Problem description: Look over the data below and give the number of lines containing the word "along", with no other words.

Given entries:
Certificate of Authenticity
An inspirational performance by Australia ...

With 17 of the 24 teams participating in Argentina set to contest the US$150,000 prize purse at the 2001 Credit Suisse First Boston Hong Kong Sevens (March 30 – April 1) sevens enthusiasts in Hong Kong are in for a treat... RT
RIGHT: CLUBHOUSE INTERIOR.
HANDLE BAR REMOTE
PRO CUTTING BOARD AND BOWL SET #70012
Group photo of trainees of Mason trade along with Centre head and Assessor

==

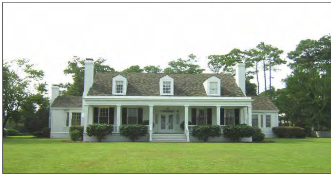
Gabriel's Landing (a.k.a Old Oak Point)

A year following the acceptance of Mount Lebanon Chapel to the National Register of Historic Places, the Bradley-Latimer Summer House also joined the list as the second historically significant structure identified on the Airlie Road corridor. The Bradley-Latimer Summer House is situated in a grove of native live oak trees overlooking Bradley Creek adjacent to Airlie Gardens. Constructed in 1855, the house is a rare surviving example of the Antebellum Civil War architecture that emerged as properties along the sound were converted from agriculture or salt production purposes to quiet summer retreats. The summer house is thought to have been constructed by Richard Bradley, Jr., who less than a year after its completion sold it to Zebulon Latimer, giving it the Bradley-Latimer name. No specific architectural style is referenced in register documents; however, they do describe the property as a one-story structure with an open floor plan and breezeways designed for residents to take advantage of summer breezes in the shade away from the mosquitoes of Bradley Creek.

* * *

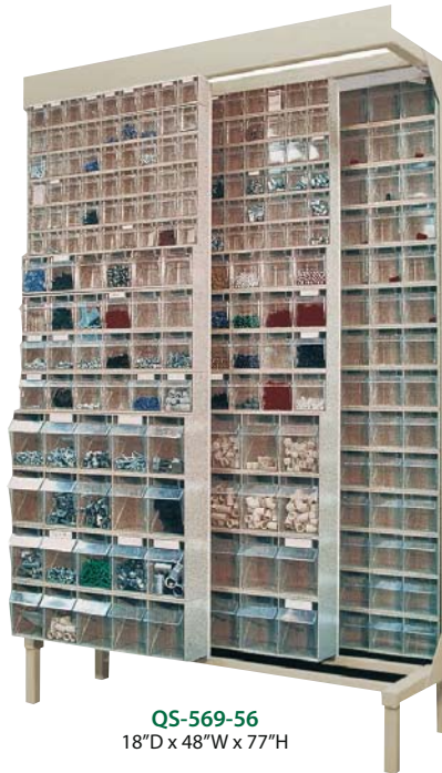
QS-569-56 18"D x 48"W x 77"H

Answer to this problem: 2